Walmart Chief Financial Officer Brett Biggs said shoppers aren’t trading down to cheaper brands, buying smaller packages, or skipping over discretionary items — but they are paying attention to rising prices. With financial stimulus all but gone, how long before they switch brands?
Inflation is driving up food, fuel, vehicles, and other everyday products across the country. According to the Labor Department, the consumer price index rose by 7.5% in January compared with the year-earlier period, the fastest jump in four decades. Food costs have been up 7% over the past year — and grocery is Walmart’s largest sales category.
Consumers notice and blame everyone for the high prices, from greedy corporations to the Government. Logic would dictate that eventually, consumers will have to make tradeoffs between the products and brands they love to less expensive products.
The average American consumer “is still in good shape” due to a confluence of factors: low unemployment, rising wages, and an increase in household savings during the pandemic. That may help explain why they are not shopping differently, but someone will have to pay the price of raising wages, which will fall on consumers.

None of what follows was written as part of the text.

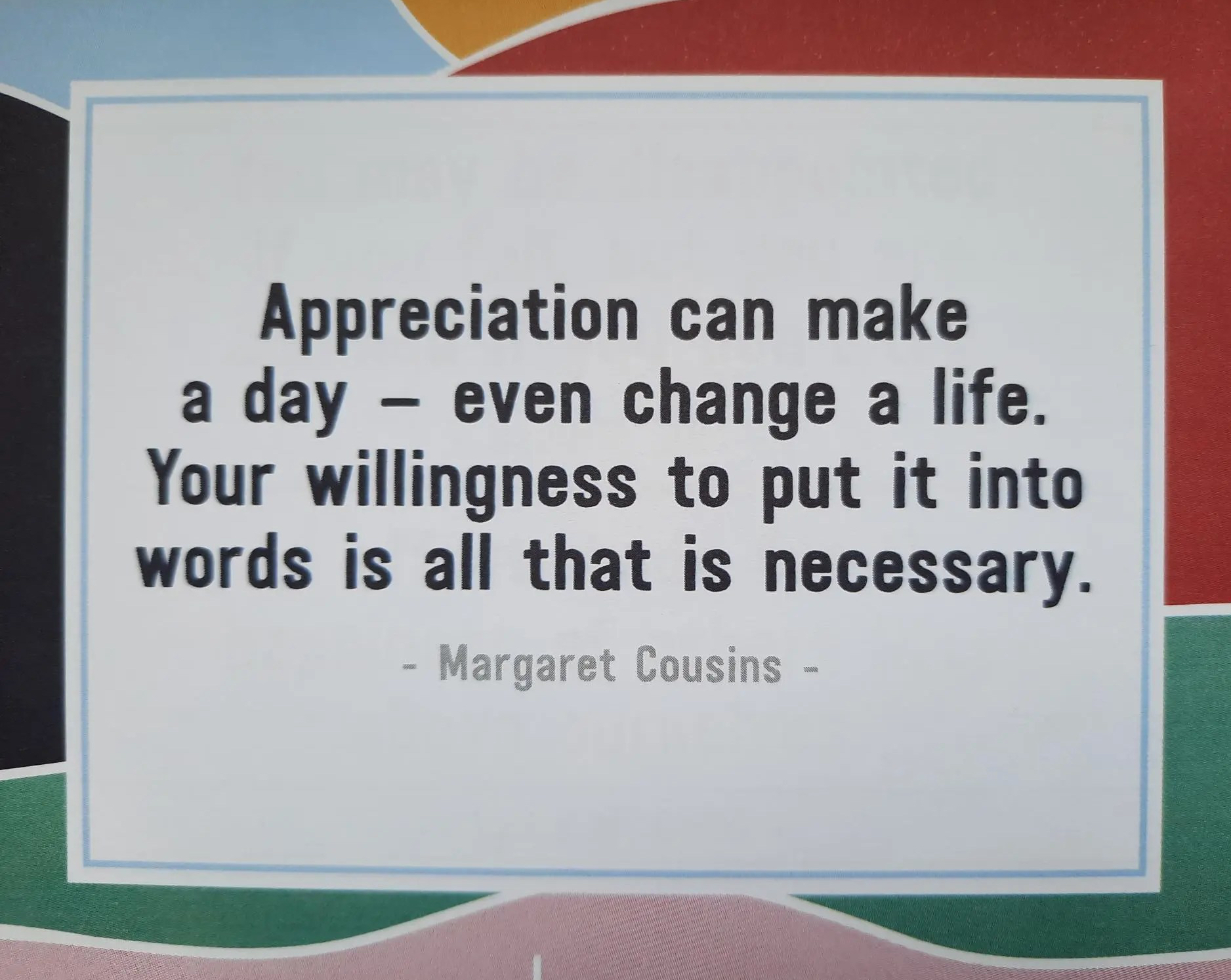 It’s always nice to be appreciated isn’t it? Sometimes we can wonder if there’s any point to doing what we do, to support, encourage and be a friend to others. Sometimes it can feel as if we’re taken for granted and not appreciated.

While brands are often built around a specific product or service, marketers must consider how elastic the brand will need to balance the near-term positioning priorities with the long-term requirements associated with future offerings. This is especially true when consumers have so many choices.
Many big brands don’t seem concerned about passing price increases to customers in the wake of rapid inflation and supply chain bottlenecks. But perhaps they should be, with many federal stimulus effects fading and rising consumer concerns about higher prices. Brands’ current confidence that consumers will stick with their favorite products as prices continue to climb may be shortsighted. “We’ve got this false sense of security from some of these brands, who are saying we can raise prices and consumers are going to pay it,” says Phil Lempert, an analyst and food trends expert known as the Supermarket Guru.
The last time consumers’ wallets were significantly impacted was during the Great Recession—and brand loyalty dropped. Only about 40% of brands held on to at least half of their highly loyal customers during the start of the recession between 2007 and 2008.
The environment for consumers has changed, and in all likelihood, those changes are permanent. The average price for a new car is over $40,000, and 80% of purchasers are paying the full MSRP. Rents across the country are increasing 40-50%, and the housing market is a shoppers nightmare.
It will all correct, but it will correct with higher prices and higher wages. Brands that put shareholders and CEOs first will pay the price in social media public opinion. There is a huge opportunity for private labels and new brands to take away market share from brands that take their customers for granted.